The Microsoft Security Response Center (MSRC) works to assess vulnerabilities that are externally reported to us as quickly as possible, but time can be lost if we have to confirm details of the repro steps or environment with the researcher to reproduce the vulnerability. Microsoft has made our “Time Travel Debugging” (TTD) tool publicly available to make it easy for security researchers to provide full repro, shortening investigations and potentially contributing to higher bounties (see “Report quality definitions for Microsoft’s Bug Bounty programs”). We use it internally, too—it has allowed us to find root cause for complex software issues in half the time it would take with a regular debugger.
If you’re wondering where you can get the TTD tool and how to use it, this blogpost is for you.
Understanding time travel debugging
Whether you call it “Timeless debugging”, “record-replay debugging”, “reverse-debugging”, or “time travel debugging”, it’s the same idea: the ability to record the execution of a program. Once you have this recording, you can navigate forward or backward, and you can share with colleagues. Even better, an execution trace is a deterministic recording; everybody looking at it sees the same behavior at the same time. When a developer receives a TTD trace, they do not even need to reproduce the issue to travel in the execution trace, they can just navigate through the trace file.
There are usually three key components associated to time travel debugging:
- A recorder that you can picture as a video camera,
- A trace file that you can picture as the recording file generated by the camera,
- A replayer that you can picture as a movie player.
Good ol’ debuggers
Debuggers aren’t new, and the process of debugging an issue has not drastically changed for decades. The process typically works like this:
- Observing the behavior under a debugger. In this step, you recreate an environment like that of the finder of the bug. It can be as easy as running a simple proof-of-concept program on your machine and observing a bug-check, or it can be as complex as setting up an entire infrastructure with specific software configurations just to be able to exercise the code at fault. And that’s if the bug report is accurate and detailed enough to properly set up the environment.
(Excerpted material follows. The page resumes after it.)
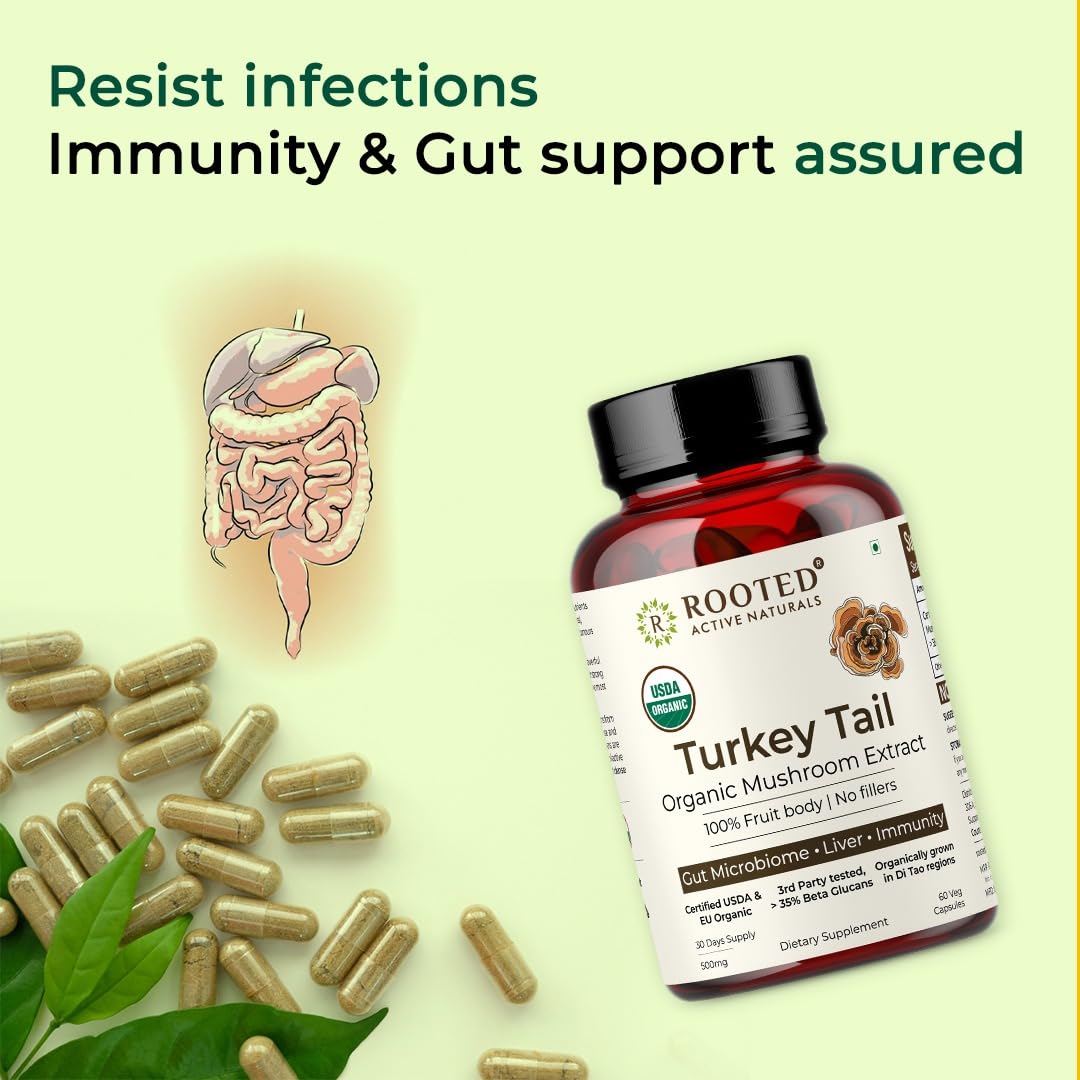 Rooted Active Turkey Tail Mushroom Capsules (Pack of 4 60 caps each) contain 100% whole mushroom powder carefully sourced and processed for quality. These vegan non-GMO and gluten-free capsules are free from artificial fillers or additives offering a clean-label choice. Designed for convenience these capsules require no mixing or brewingsimply take with water. The bulk pack of 4 provides great value and an extended supply for consistent use.
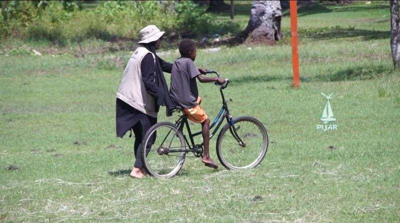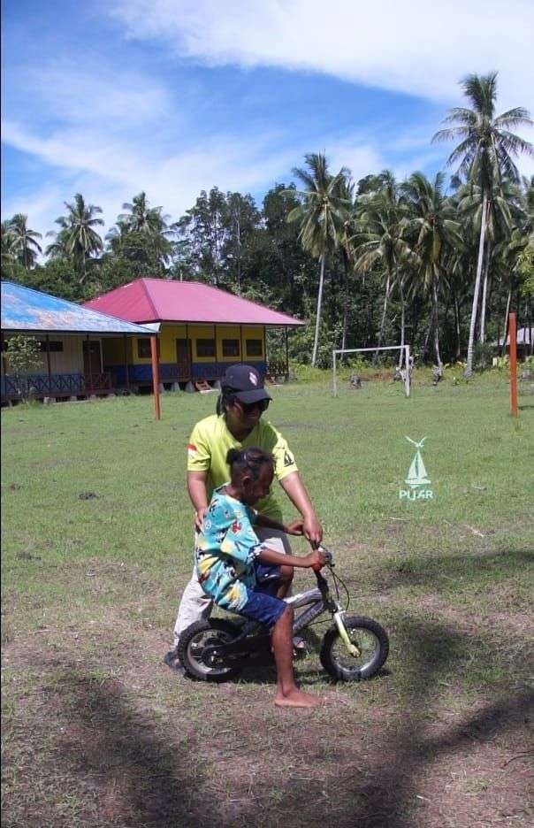 Anak-anak Atuka sangat girang dimana satu persatu kami melatih mereka mengayuh pedal sepeda, ada yang menuju ke kanan dan hampir menabrak temannya hingga temannya berlari dan jadi bahan tertawa temannya, maka kakak pijar membantu.

- Understanding why the issue happened. This is where the debugger comes in. What you expect of a debugger regardless of architectures and platforms is to be able to precisely control the execution of your target (stepping-over, stepping-in at various granularity level: instruction, source-code line), setting breakpoints, editing the memory as well as editing the processor context. This basic set of features enables you to get the job done. The cost is usually high though. A lot of reproducing the issue over and over, a lot of stepping-in and a lot of “Oops… I should not have stepped-over, let’s restart”. Wasteful and inefficient.
Whether you’re the researcher reporting a vulnerability or a member of the team confirming it, Time Travel Debugging can help the investigation to go quickly and with minimal back and forth to confirm details.
High-level overview
The technology that Microsoft has developed is called “TTD” for time-travel debugging. Born out of Microsoft Research around 2006 (cf “Framework for Instruction-level Tracing and Analysis of Program Executions”) it was later improved and productized by Microsoft’s debugging team. The project relies on code-emulation to record every event necessary that replay will need to reproduce the exact same execution. The exact same sequence of instructions with the exact same inputs and outputs. The data that the emulator tracks include memory reads, register values, thread creation, module loads, etc.
Recording / Replaying
The recording software CPU, TTDRecordCPU.dll, is injected into the target process and hijacks the control flow of the threads. The emulator decodes native instructions into an internal custom intermediate language (modeled after simple RISC instructions), caches block, and executes them. From now on, it carries the execution of those threads forward and dispatches callbacks whenever an event happens such as: , when an instruction has been translated, etc. Those callbacks allow the trace file writer component to collect information needed for the software CPU to replay the execution based off the trace file.
The replay software CPU, TTDReplayCPU.dll shares most of the same codebase than the record CPU, except that instead of reading the target memory it loads data directly from the trace file. This allows you to replay with full fidelity the execution of a program without needing to run the program.
The trace file
The trace file is a regular file on your file system that ends with the ‘run’ extension. The file uses a custom file format and compression to optimize the file size. You can also view this file as a database filled with rich information. To access information that the debugger requires very fast, the “WinDbg Preview” creates an index file the first time you open a trace file. It usually takes a few minutes to create. Usually, this index is about one to two times as large as the original trace file. As an example, a tracing of the program ping.exe on my machine generates a trace file of 37MB and an index file of 41MB. There are about 1,973,647 instructions (about 132 bits per instruction). Note that, in this instance, the trace file is so small that the internal structures of the trace file accounts for most of the space overhead. A larger execution trace usually contains about 1 to 2 bits per instruction.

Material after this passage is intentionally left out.